### [Dataset section]
---

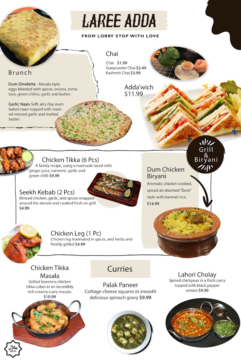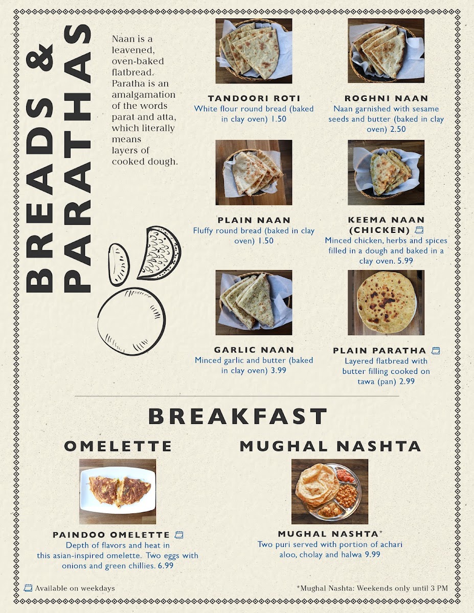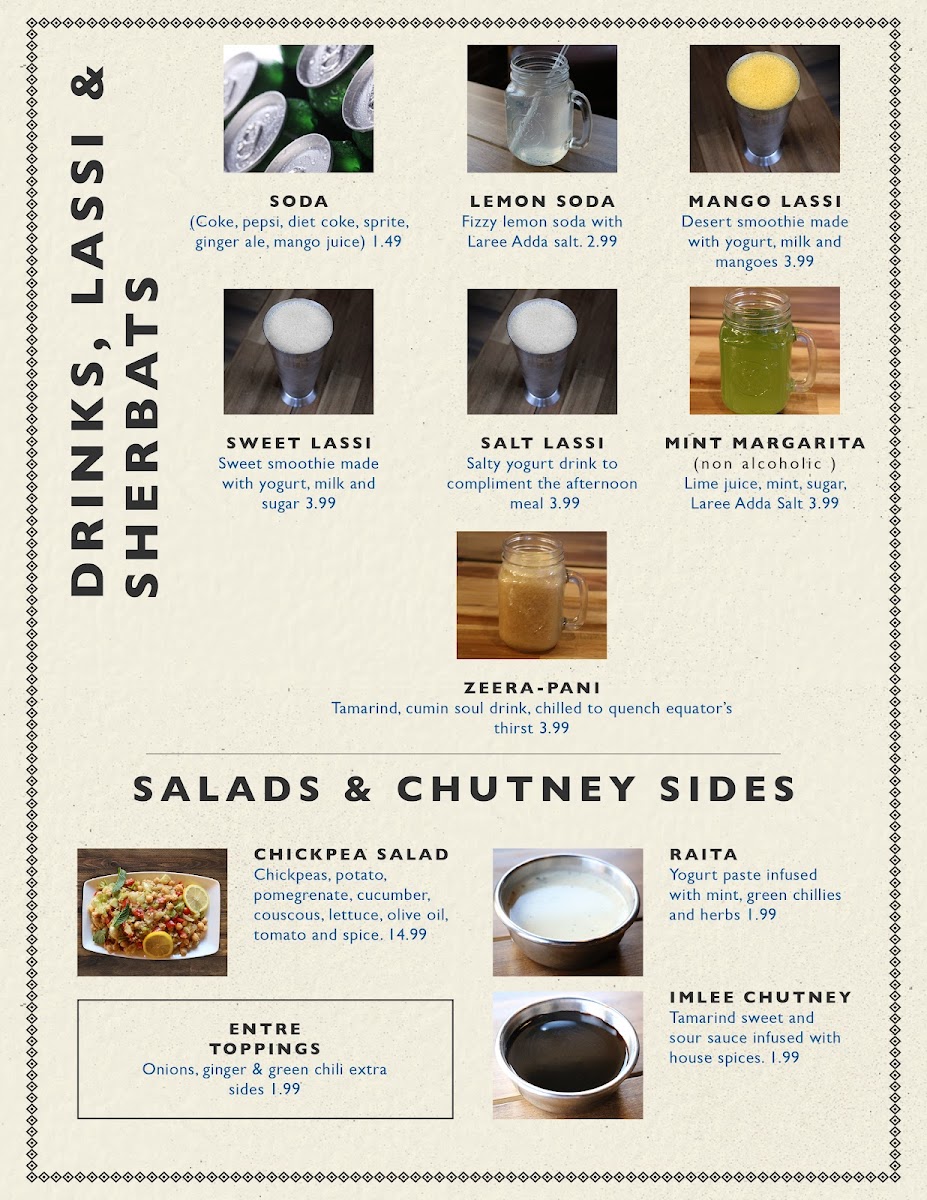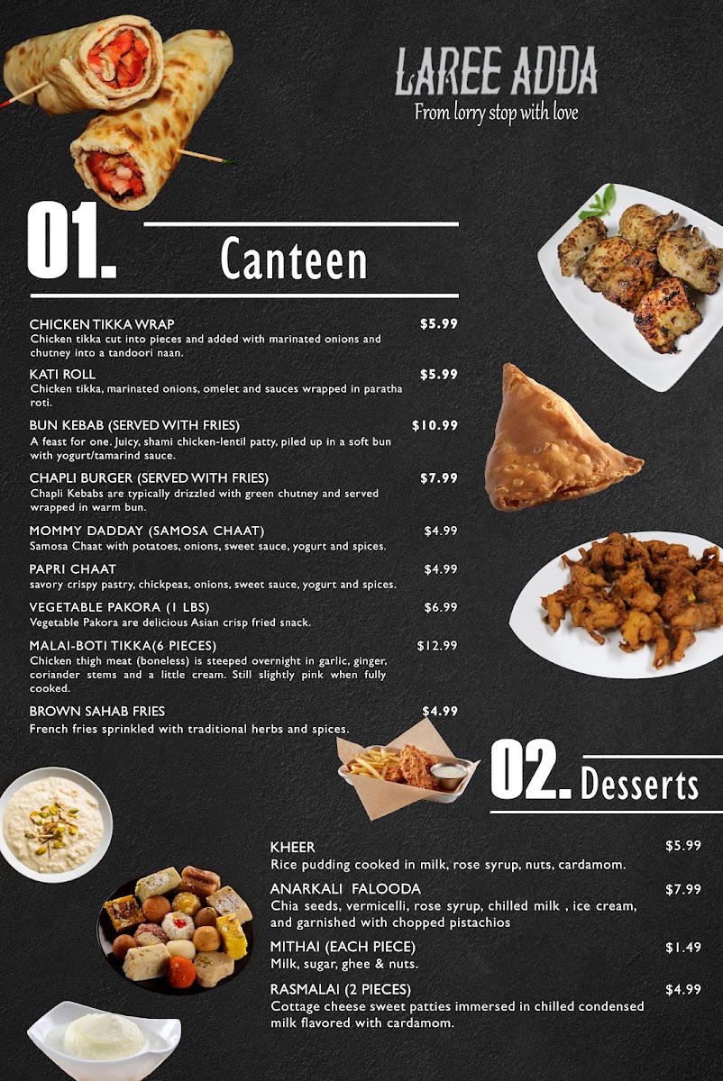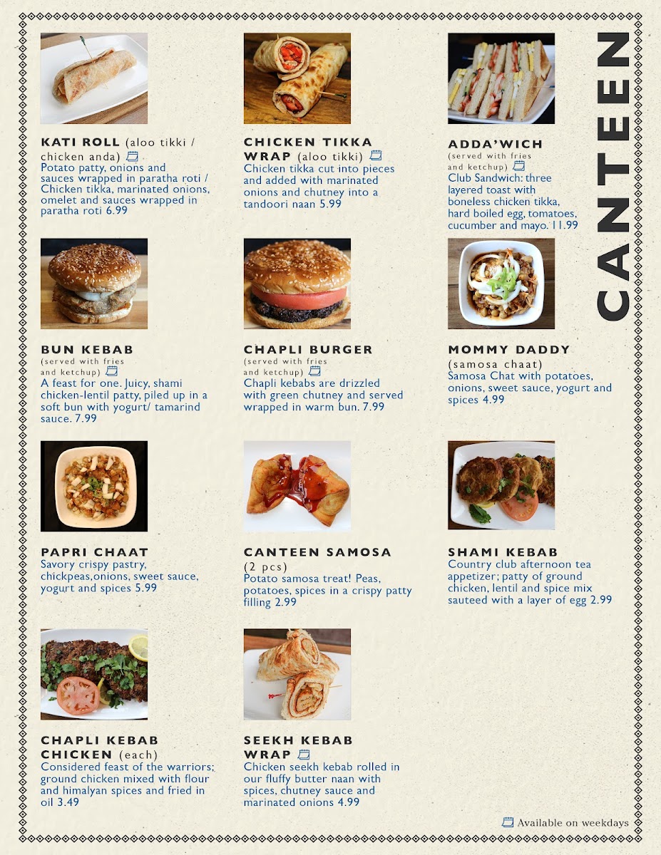 Potato patty, onions and sauces wrapped in paratha roti / chicken tikka, marinated onions, omelet and sauces wrapped in paratha roti.
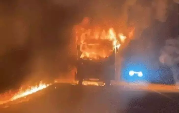 जानकारी के अनुसार, बस का एक टायर फट गया और उसमें आग लग गई। आग मिनटों में फैलती गई और डीजल सड़क पर गिरने के कारण आसपास भी आग फैलने लगी। यात्रियों में अफरा-तफरी मच गई। कई यात्री बस से बाहर कूदकर अपनी जान बचाने लगे।
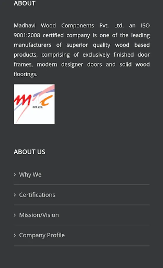Madhavi Wood Components Pvt. Ltd. an ISO 9001:2008 certified company is one of the leading manufacturers of superior quality wood-based products, comprising of exclusively finished door frames, modern designer doors, and solid wood floorings.

---

### [Task statement]
Copy the lines exactly. Start at the line with "जानकारी के अनुसार, बस", end at the last line above, include both, and omit all pictures.

### [Answer to the exercise]
 जानकारी के अनुसार, बस का एक टायर फट गया और उसमें आग लग गई। आग मिनटों में फैलती गई और डीजल सड़क पर गिरने के कारण आसपास भी आग फैलने लगी। यात्रियों में अफरा-तफरी मच गई। कई यात्री बस से बाहर कूदकर अपनी जान बचाने लगे।
Madhavi Wood Components Pvt. Ltd. an ISO 9001:2008 certified company is one of the leading manufacturers of superior quality wood-based products, comprising of exclusively finished door frames, modern designer doors, and solid wood floorings.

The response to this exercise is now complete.